*What you are asked to do:*
Pull every line that includes the word "with" from the data.

___ Task input

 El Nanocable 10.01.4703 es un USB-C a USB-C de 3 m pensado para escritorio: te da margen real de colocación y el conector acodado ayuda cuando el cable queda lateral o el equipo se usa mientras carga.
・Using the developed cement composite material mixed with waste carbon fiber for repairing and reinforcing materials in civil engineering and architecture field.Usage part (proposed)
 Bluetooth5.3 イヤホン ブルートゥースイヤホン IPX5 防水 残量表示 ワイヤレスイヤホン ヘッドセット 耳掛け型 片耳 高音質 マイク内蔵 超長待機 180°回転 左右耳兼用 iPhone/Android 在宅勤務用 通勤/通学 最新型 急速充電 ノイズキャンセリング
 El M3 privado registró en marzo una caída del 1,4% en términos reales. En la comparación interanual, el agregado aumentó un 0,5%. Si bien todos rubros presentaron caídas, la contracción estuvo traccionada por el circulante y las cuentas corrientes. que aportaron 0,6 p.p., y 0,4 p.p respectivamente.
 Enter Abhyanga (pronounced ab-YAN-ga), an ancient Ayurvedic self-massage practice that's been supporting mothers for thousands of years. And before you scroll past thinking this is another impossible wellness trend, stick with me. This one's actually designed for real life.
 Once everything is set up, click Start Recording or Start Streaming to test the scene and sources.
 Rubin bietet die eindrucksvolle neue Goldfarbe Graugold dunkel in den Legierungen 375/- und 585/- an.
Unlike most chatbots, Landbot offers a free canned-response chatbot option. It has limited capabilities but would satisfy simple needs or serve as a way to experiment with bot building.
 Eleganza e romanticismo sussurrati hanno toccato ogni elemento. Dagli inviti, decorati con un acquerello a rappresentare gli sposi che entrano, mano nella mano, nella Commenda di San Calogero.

______
___ Task input

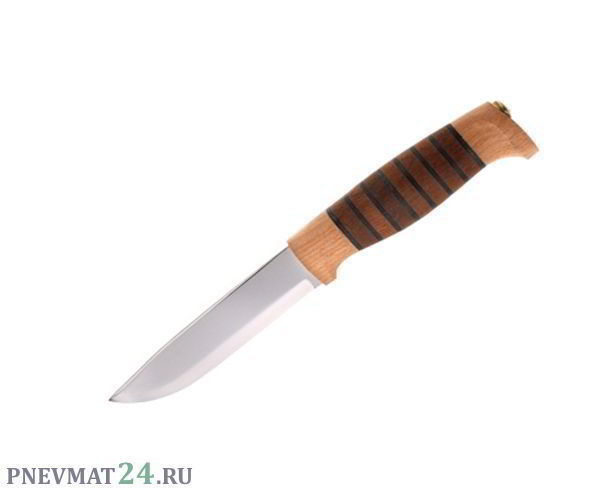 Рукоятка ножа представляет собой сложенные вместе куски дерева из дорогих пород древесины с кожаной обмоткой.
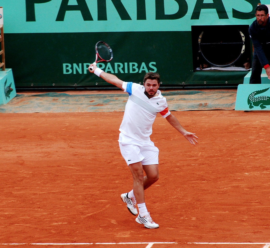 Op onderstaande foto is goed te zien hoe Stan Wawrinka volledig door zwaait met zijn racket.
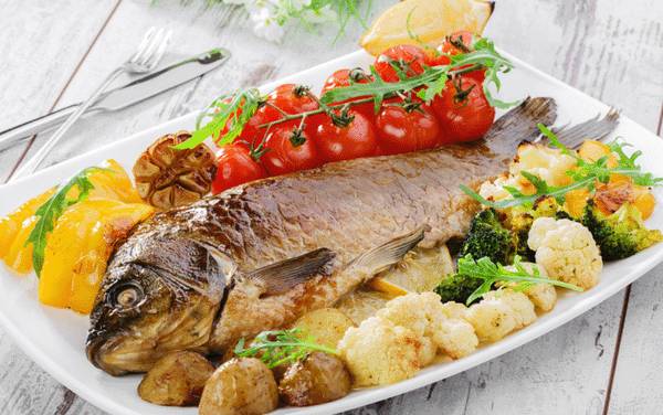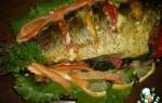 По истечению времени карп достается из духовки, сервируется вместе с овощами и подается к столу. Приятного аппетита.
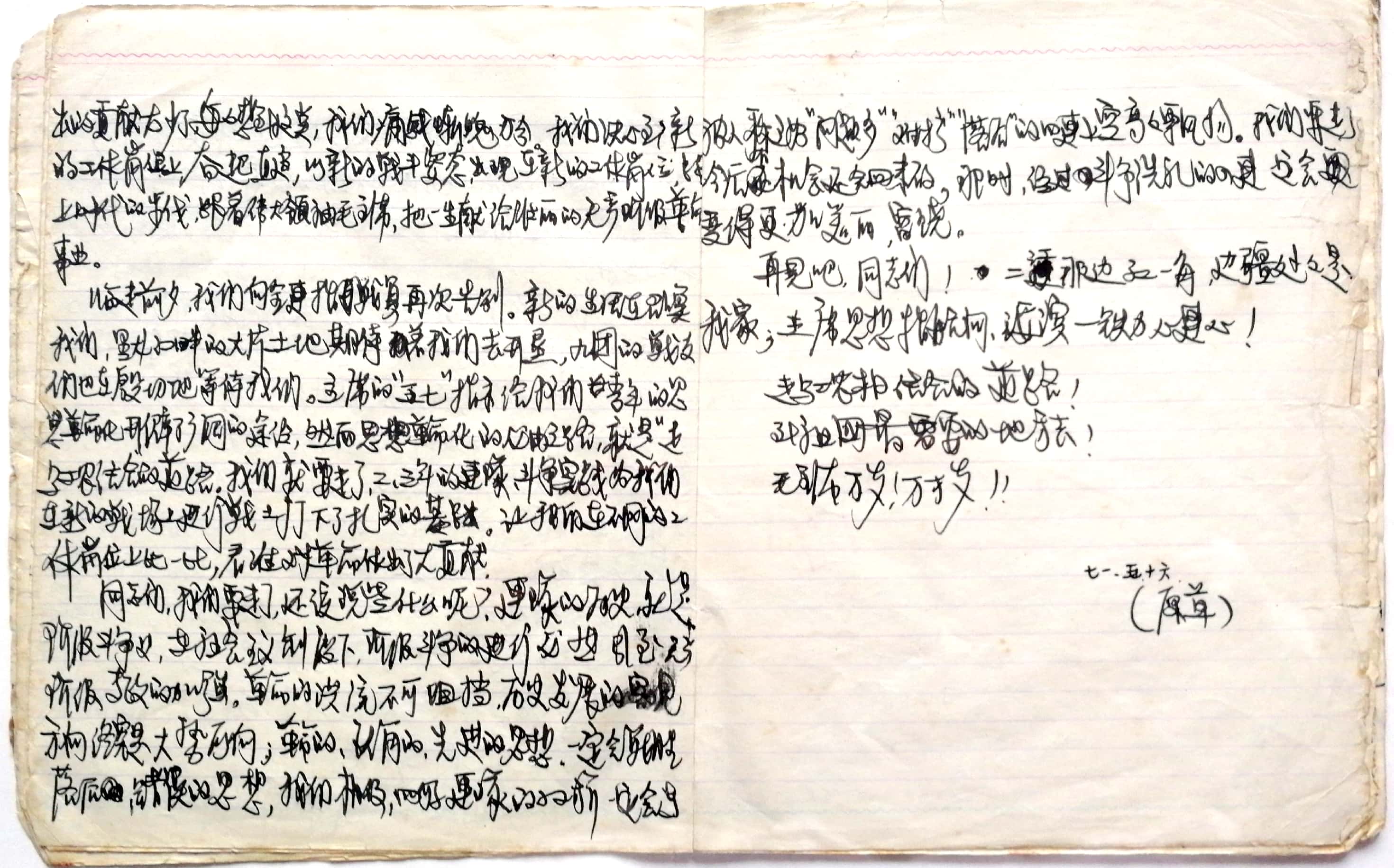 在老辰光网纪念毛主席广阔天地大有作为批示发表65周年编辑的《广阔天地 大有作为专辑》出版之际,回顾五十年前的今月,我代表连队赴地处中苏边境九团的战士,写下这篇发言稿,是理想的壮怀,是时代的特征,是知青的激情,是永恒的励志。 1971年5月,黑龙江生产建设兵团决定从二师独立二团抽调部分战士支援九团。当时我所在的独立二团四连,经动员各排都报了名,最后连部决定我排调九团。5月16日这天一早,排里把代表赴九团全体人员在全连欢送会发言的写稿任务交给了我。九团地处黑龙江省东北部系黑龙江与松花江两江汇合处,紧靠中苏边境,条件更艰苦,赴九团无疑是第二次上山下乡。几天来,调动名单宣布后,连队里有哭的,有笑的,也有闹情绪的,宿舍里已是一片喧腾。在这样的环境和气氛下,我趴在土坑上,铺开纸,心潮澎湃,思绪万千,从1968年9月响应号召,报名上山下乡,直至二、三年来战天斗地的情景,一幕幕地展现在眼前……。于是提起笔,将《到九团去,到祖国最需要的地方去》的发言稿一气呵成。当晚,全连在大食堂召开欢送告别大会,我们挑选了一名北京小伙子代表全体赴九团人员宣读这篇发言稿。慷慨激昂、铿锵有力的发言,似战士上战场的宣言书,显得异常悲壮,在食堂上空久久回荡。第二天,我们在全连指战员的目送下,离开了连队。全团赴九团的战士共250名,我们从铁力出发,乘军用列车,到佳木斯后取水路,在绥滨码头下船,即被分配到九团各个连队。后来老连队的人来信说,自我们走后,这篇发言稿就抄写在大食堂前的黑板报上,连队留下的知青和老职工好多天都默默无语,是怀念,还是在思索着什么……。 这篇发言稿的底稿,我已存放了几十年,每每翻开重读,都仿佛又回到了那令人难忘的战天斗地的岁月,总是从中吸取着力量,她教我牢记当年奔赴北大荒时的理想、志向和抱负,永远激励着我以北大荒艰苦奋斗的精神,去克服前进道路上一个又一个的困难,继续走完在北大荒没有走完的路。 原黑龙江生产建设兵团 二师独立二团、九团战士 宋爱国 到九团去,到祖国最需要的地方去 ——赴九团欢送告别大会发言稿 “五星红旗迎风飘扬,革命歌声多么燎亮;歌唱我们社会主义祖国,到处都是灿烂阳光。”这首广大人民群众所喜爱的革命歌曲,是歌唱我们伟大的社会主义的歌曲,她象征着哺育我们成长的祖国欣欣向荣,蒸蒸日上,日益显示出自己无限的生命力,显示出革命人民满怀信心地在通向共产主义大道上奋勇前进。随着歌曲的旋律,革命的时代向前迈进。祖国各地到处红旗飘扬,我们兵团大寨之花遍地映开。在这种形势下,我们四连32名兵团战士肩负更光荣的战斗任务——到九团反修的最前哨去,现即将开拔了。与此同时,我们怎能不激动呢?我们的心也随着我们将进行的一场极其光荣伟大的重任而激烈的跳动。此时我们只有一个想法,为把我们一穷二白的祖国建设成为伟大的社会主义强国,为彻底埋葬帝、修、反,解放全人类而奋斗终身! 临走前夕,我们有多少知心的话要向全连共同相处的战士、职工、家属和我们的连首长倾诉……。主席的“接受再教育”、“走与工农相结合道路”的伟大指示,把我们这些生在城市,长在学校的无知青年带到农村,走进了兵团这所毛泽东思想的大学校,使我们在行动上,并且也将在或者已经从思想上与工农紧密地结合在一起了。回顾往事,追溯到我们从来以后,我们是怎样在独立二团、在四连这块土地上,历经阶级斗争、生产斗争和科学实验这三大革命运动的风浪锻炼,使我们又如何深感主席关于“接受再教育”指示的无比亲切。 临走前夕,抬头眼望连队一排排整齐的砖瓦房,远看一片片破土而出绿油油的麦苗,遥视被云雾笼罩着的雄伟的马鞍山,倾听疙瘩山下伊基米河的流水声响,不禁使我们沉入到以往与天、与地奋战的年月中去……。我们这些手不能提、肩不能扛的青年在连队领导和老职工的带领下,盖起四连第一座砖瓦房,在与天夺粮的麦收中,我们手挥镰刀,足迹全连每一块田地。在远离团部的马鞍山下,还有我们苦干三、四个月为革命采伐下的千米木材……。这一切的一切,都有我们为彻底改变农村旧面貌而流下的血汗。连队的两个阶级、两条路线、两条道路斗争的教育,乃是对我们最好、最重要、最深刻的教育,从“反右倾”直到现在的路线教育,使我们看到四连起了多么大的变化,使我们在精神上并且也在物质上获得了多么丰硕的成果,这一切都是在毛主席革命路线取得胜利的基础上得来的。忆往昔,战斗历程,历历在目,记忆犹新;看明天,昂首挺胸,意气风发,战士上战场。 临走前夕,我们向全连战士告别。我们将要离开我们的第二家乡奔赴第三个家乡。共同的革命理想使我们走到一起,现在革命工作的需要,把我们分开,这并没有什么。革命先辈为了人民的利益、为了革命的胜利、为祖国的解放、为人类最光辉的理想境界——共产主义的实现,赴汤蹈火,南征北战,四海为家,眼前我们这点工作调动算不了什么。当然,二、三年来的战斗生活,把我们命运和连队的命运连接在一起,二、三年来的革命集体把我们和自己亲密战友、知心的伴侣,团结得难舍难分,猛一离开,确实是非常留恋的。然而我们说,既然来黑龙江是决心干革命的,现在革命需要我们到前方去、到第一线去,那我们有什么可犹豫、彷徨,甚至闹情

______
___ Task input

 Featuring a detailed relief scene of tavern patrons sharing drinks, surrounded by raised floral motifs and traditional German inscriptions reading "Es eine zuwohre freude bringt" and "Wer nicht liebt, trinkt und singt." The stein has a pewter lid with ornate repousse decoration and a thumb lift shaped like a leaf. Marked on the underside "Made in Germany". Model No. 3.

______

*Result for this task:*
・Using the developed cement composite material mixed with waste carbon fiber for repairing and reinforcing materials in civil engineering and architecture field.Usage part (proposed)
 Enter Abhyanga (pronounced ab-YAN-ga), an ancient Ayurvedic self-massage practice that's been supporting mothers for thousands of years. And before you scroll past thinking this is another impossible wellness trend, stick with me. This one's actually designed for real life.
Unlike most chatbots, Landbot offers a free canned-response chatbot option. It has limited capabilities but would satisfy simple needs or serve as a way to experiment with bot building.
 Featuring a detailed relief scene of tavern patrons sharing drinks, surrounded by raised floral motifs and traditional German inscriptions reading "Es eine zuwohre freude bringt" and "Wer nicht liebt, trinkt und singt." The stein has a pewter lid with ornate repousse decoration and a thumb lift shaped like a leaf. Marked on the underside "Made in Germany". Model No. 3.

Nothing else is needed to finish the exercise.